Thank you for joining. I'm pleased to announce the second round of Choice Neighborhoods planning grants to 13 different communities around the country.
This is an important moment. Today, more than 10 million people live in neighborhoods of concentrated poverty -- surrounded by disinvestment, failing schools, troubled housing, and, worst of all, virtually no path to opportunity for themselves or their children.
In fact, research shows that one of the most important factors in determining whether or not children will do better financially than their parents is whether or not they grow up in one of these high-poverty neighborhoods.
The fact that we can predict health, economic, and educational outcomes of children based on zip code is a tragedy. And it's not who we are as Americans.
That's why the White House has pursued an interagency Neighborhood Revitalization Initiative that supports local leaders who are working to transform distressed communities into the sustainable, mixed-income neighborhoods with the affordable housing, the safe streets and the good schools that every family needs.
At the center of this initiative is Choice Neighborhoods, which builds on the HOPE VI public housing revitalization program pioneered by my predecessors at HUD, Secretaries Jack Kemp and Henry Cisneros.
With strong bipartisan support, HOPE VI created nearly 90,000 homes in healthy, mixed-income communities that were once troubled by distressed public housing -- leveraging twice the federal investment in additional private development capital and raising the average income of residents by 75 percent or more.
HOPE VI was one of the great housing successes of the last generation. And with Choice Neighborhoods, including the $3.6 million planning grants we are awarding to 13 communities today, we intend to help communities bring that model of success to neighborhoods across the country.
With Choice Neighborhoods, local leaders can use the same mixed-finance tools HOPE VI used to transform not just public housing in neighborhoods with high rates of poverty, but privately owned affordable housing as well.
Not only that, but because we tied Choice Neighborhoods to the Department of Education's Promise Neighborhoods initiative, we are ensuring that at the center of these neighborhoods are good schools and quality learning opportunities, from cradle to career.
For instance, in Washington, DC, planning efforts funded by this grant will build upon the area's existing Promise Neighborhoods plans which are focused on improving educational and developmental outcomes for children in the Parkside-Kenilworth neighborhood.
We see other connections between housing and education as well. For instance, Ohio State University is partnering with the City of Columbus, its housing authority and a nonprofit housing developer to address housing and education, health, jobs and economic development, and public safety issues in the Near Eastside neighborhood.
In community after community, we've seen that the correlation between successful housing and good schools is not just theory -- it's practice.
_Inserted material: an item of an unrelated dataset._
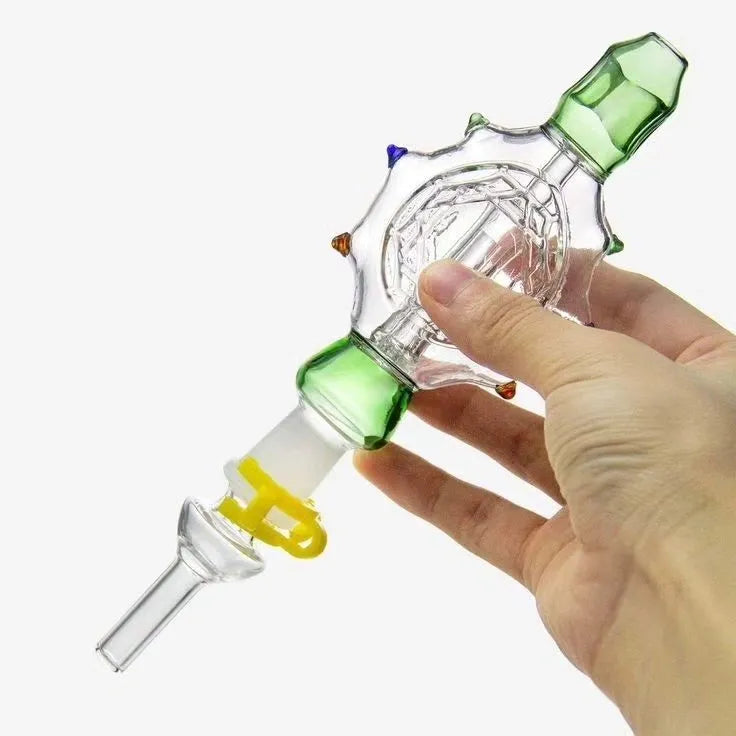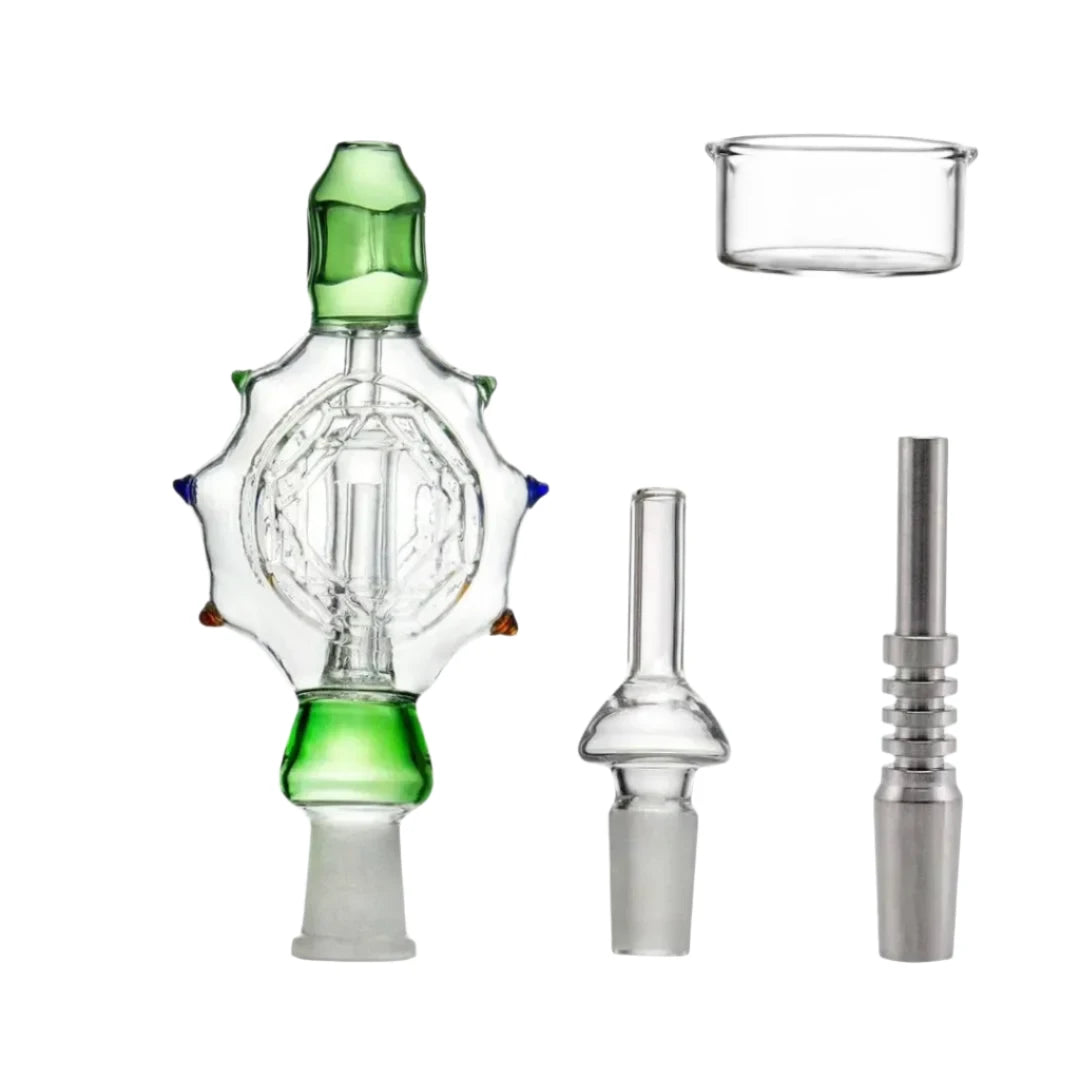 Nectar Collector de alta calidad. Excelente por su portabilidad y disponibilidad. Funciona muy bien al aire libre o en entornos más sociales. Este kit recolector de néctar incluye un filtro de vidrio, una punta de cuarzo, una punta de titanio, un clip y un recipiente para dab. Cuando la uses, puedes elegir una punta de cuarzo o una punta de titanio y luego colocar la cera en el recipiente para dabs. Luego, calienta la punta del recolector de néctar y aplica con el concentrado preparado. En ese momento, podrás ver el vapor desde el filtro de vidrio hacia la cámara de agua y finalmente hasta la boquilla.

And by connecting Choice Neighborhoods grants to partnerships that put quality education at the center of efforts to fight poverty, we are taking that practice to communities across the country.
Now, I was extremely pleased that, even in a very tight budget environment, Congress funded Choice Neighborhoods at $120 million for FY 2012. Indeed, today's planning grants will help bring the right local leaders to the table to begin outlining the vision for their community, while implementation grants to be awarded later in the year will help realize these kinds of plans.
But even still, as we saw with the first round of Choice Neighborhoods Planning Grants, demand has once again far outpaced funding -- meaning it wasn't possible to fund every application that showed promise and potential.
That's why HUD recently announced an innovative online platform to spotlight comprehensive information about grantees and top-tier applicants called Partner.HUD.gov.
This tool will connect the applicants of these promising proposals to funders, philanthropies and other local stakeholders communities need to realize their vision -- even in the absence of Choice Neighborhoods funding.
It will also offer communities greater access to planning efforts happening around the country and best-practice models that might help enhance their efforts. Information on today's grantees and the runners-up will be posted online by early next week.
So, this is a very exciting moment. Today, we are also publishing the FY12 notice of funding availability for Choice Neighborhoods implementation grants -- and the planning grant NOFA will follow in the coming months.
As the President said last week, as long as he is in office, he will do everything he can to make sure every American has the chance to get ahead -- whoever they are...and wherever they live.
That's what creating pathways to opportunity like these is all about -- it's what these grants are all about. And it's why I'm so proud to announce them today.
And with that, I'd love to take your questions.